Dangerous levels of copper seem highly unlikely just from touching but you should probably avoid lining your pots and pans:
https://en.wikipedia.org/wiki/Copper_toxicity
The halo effect (section on wikipedia) didn’t seem to me to be about ions… I figured it was just like how if we’re nearby & I’m less likely to get sick, then you’re less likely to get sick, separate from my sickness having any effect on your immunity.
Yeah, you’re right that I imputed a particular mechanism that isn’t supported by the Wikipedia page—thanks for pointing that out. I do still think that the ions-getting-on-things mechanism is part of the story, mostly because the reduction sizes are really large. This could indicate either (a) that most microbes end up on surfaces first via touch surfaces, and spread from there, or (b) that copper ends up on nearby surfaces. Or some of both.
In this particular case, though, I think it’s quite likely (because I’ve seen my hands turn a bit blue) that in fact copper and copper oxides are getting on my hands as a result of the tape.

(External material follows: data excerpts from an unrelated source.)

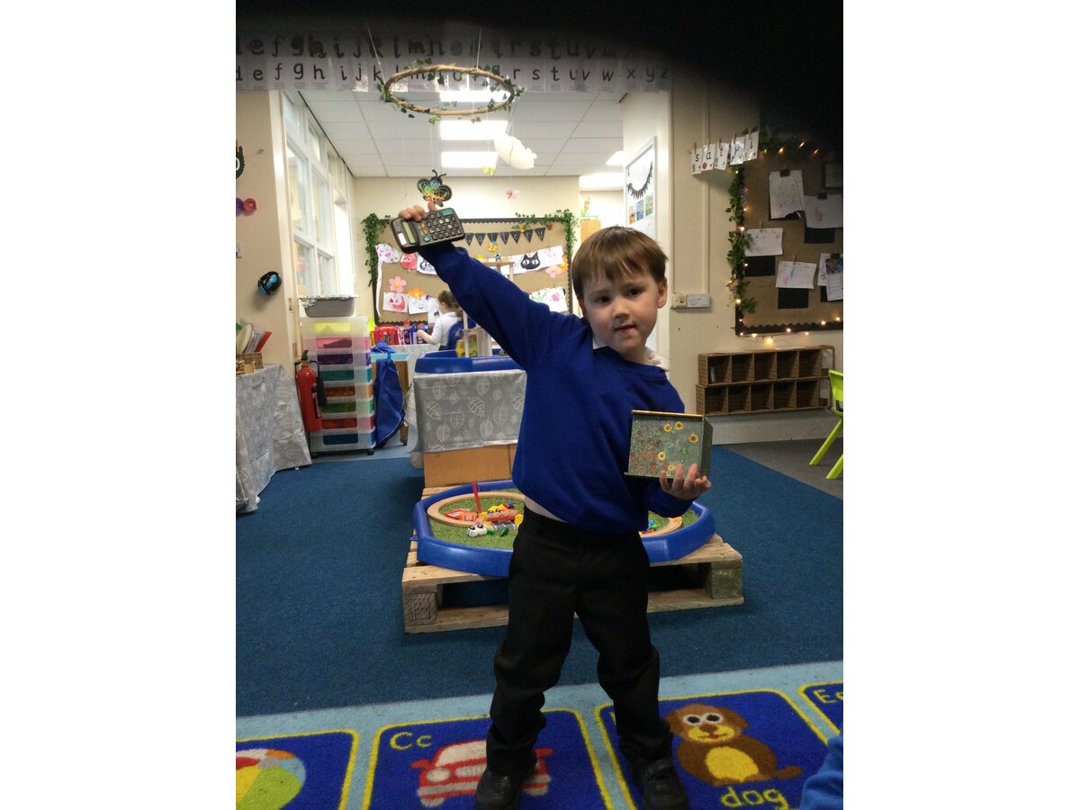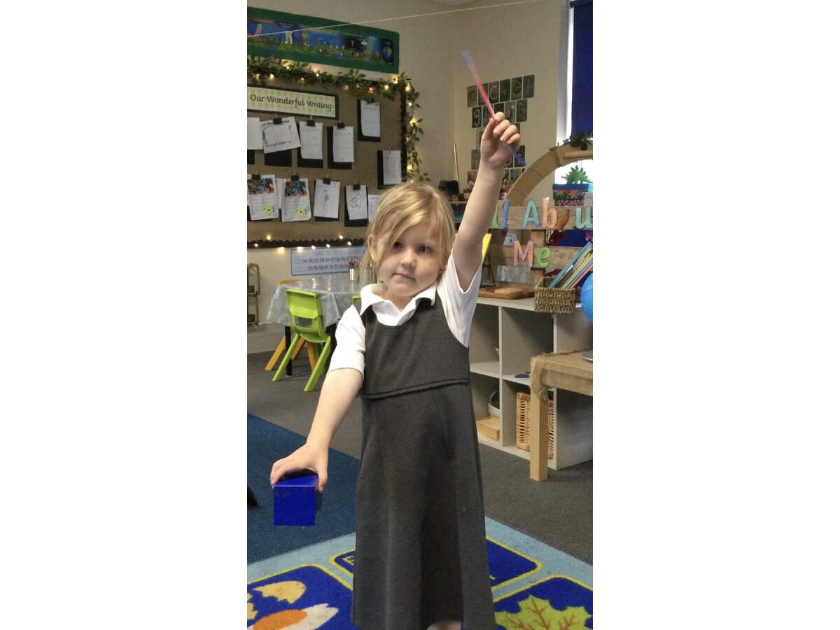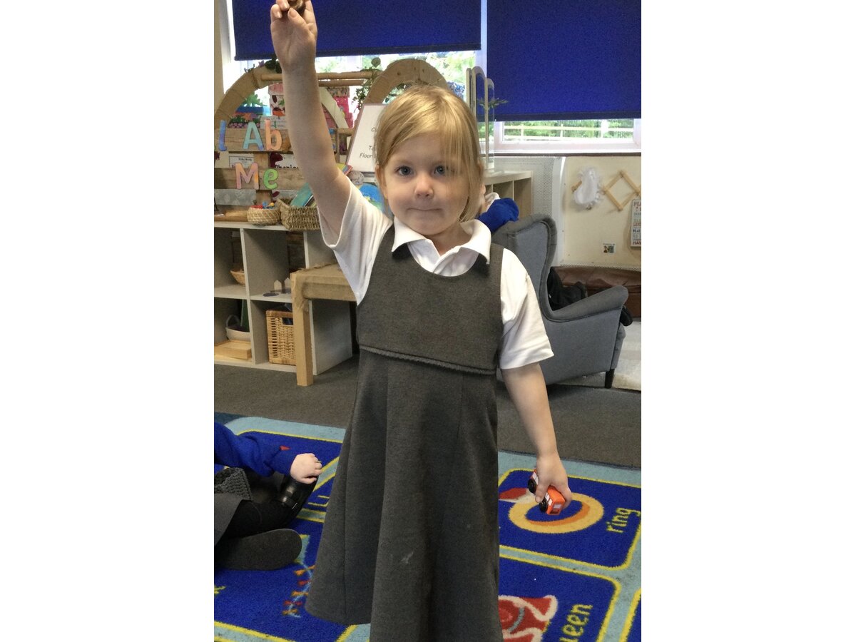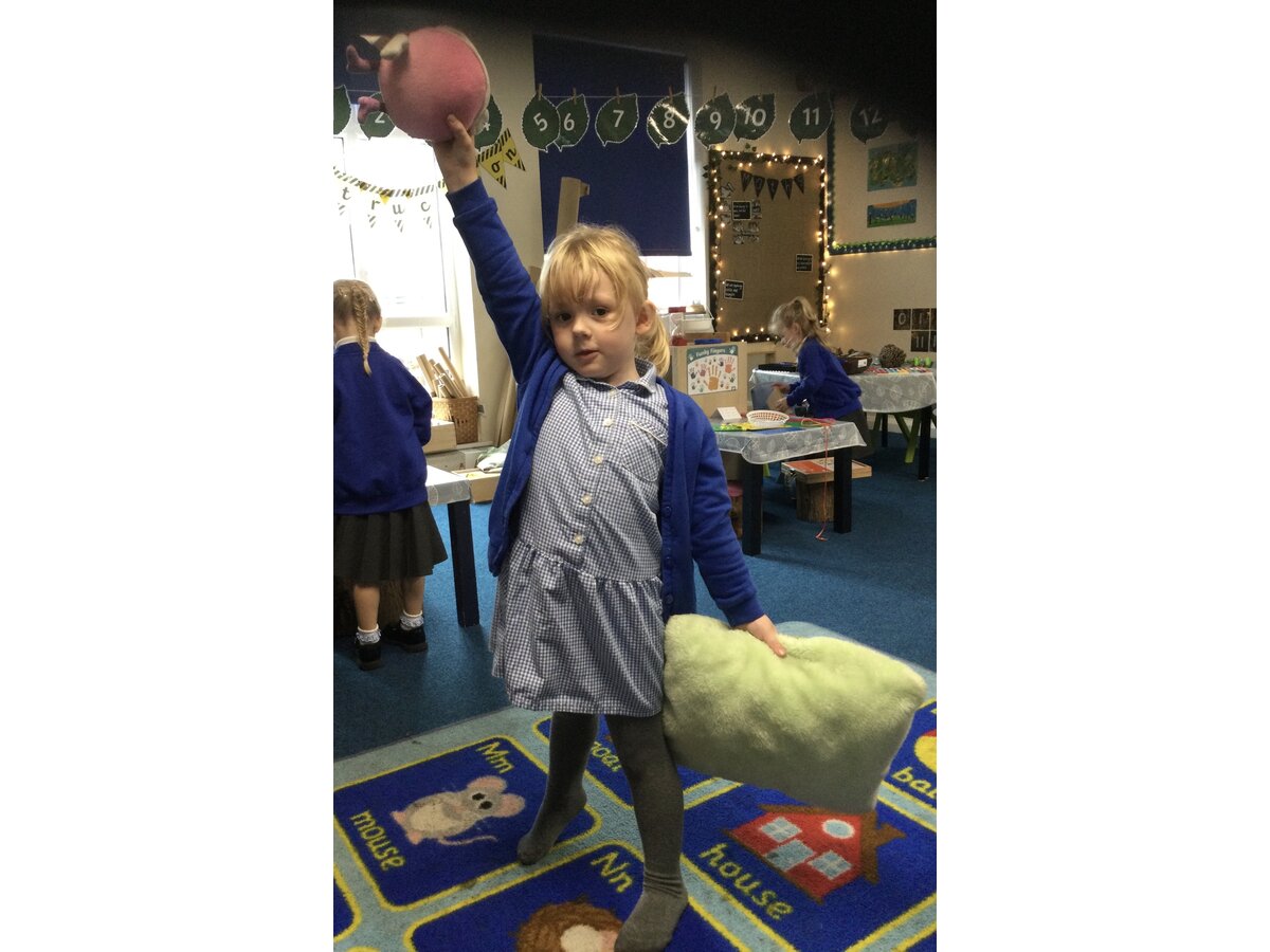 We used our bodies as a balance scale to compare the mass of two objects. If the object was the heaviest of the two items, the children knew to put their arm down and if the object was lighter, their arm went up.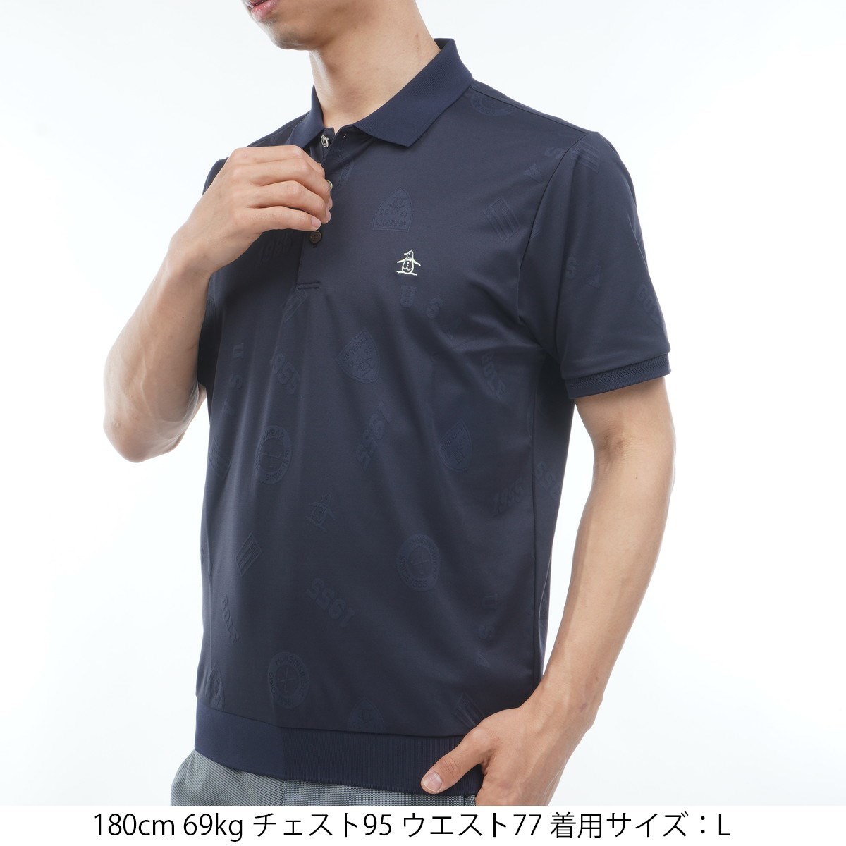 マンシングウェア Munsingwear ストレッチ ロゴジャカード半袖ポロシャツ 3L ネイビー 00
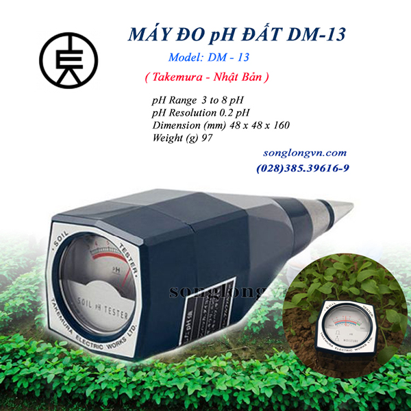 - Máy đo pH đất model DM-13 của Takemura Nhật Bản chuyên dùng đo pH của đất tốt nhất, độ bền cao, dễ sử dụng, không dùng pin nên dễ dàng đi hiện trường, là thiết bị được nhiều bà con nông dân tin dùng nhất hiện nay. Bảo hành 12 tháng.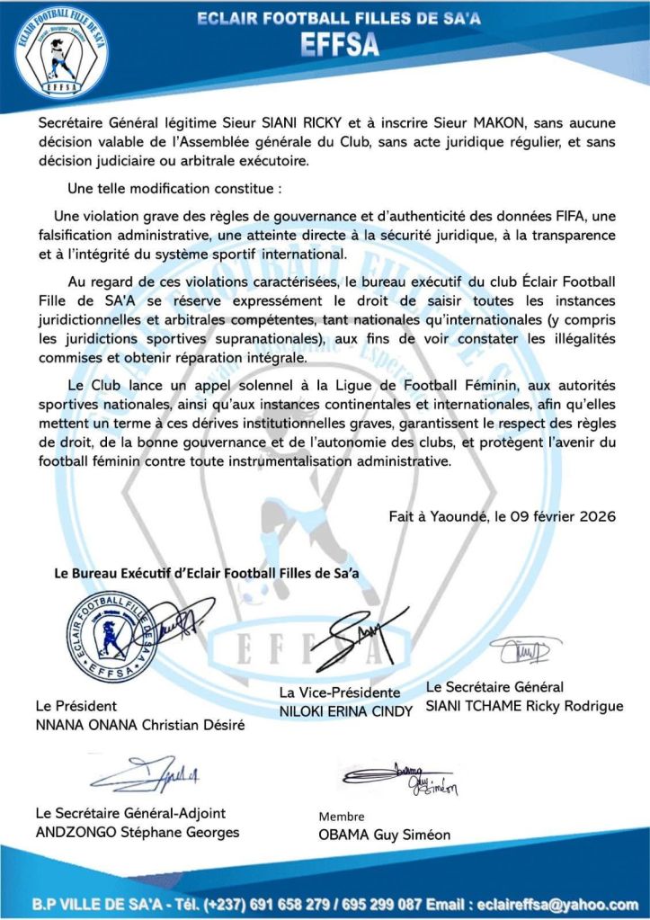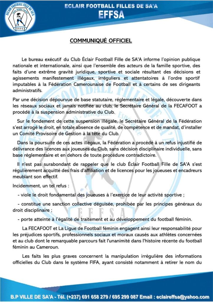 The executive board of the Éclair Football Girls of SA’A Club informs the national and international public, as well as all stakeholders in the sporting community, of extremely serious legal, sporting, and social events resulting from manifestly illegal, irregular, and sporting decisions and actions attributable to the Cameroonian Football Federation and certain of its administrative officials.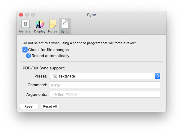 然后选中"Reload自动“框。重新启动Skim,文件一生成就会自动更新。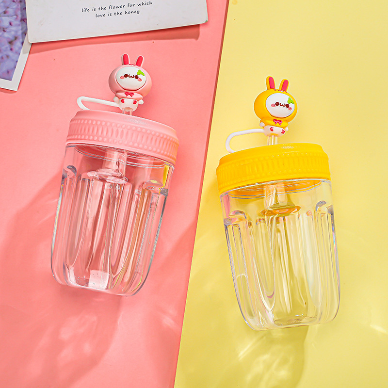 แก้วน้ำ แก้วใส่น้ำ แบบพกพา ตัวการ์ตูน พร้อมหลอด ขนาด400 ML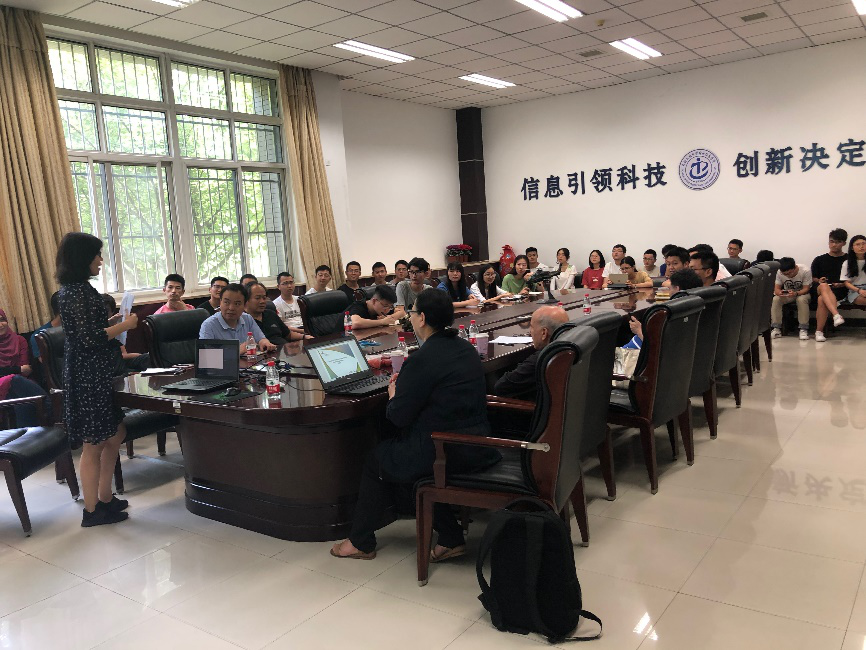 Habiba教授介绍了基于超材料的吸收器MA),其中心频率约为8~10GHz,带宽为3~4GHz,工作在雷达带宽。该吸收器结构实现了低轮廓,其可以达到非常接近理论极限的厚度值。在垂直入射下可获得整个带宽中大于90%的吸收率。与会师生与Habiba教授就目前基于超材料吸收器的结构设计问题展开了热烈的讨论,了解了均衡器-驱动器的最新研究方向,并就这一议题与Habiba教授进行了积极的研讨,并对Habiba教授的精彩报告表示了诚挚的感谢。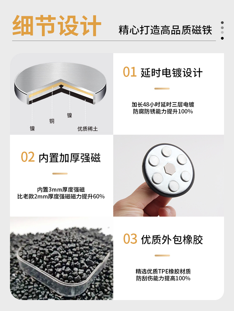 rubber-coated strong magnet round suction cup holder car sports camera does not hurt paint hanging led spotlight strong magnetic base 中文版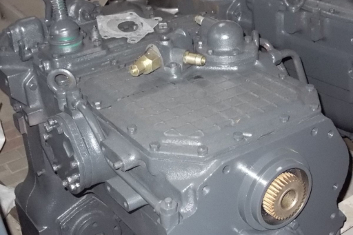 У гидромеханической коробки переключения передач имеется несколько диапазонов: рабочий, транспортный, замедленный и задний ход. В каждом диапазоне имеются 4 передачи, переключение которых происходит без разрыва потока мощности. Диапазоны переключаются при полной остановке машины.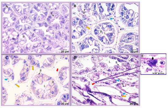 Histology of shrimp hepatopancreas under EHP infection. (A) Hepatopancreas of the control shrimp; hepatopancreas of EHP-challenged shrimp at 5th dpc (B), 10th dpc (C) and 20th dpc (D). The blue arrow indicates scattered cells, the yellow arrow indicates vacuoles between hepatic tubules, the red arrow indicates broken basement membrane and the black arrow indicates EHP spores (E). B, B cells; L, lumen; R, R cells.

I would much rather rinse a mobile phone regularly if it is water-proof (an increasing number is!) than use copper tape, although I would not use soap on the screen, to preserve its oleophobic properties; alternatively, if I were in a very susceptible group or if the virus were much more dangerous to me, I would find it more effective to put the phone in a plastic bag and either exchange it often or wash it as often as my own hands.
The thought process here is that copper tape cannot be applied to screens, which can end up very close to faces, but washing with soap is effective.
It is possible to both rinse your phone and put copper tape on it.
Another cost is that my hands smell like copper now.
Maybe we should put copper on our hand sanitizer bottles. But does it take effect quickly enough to matter here?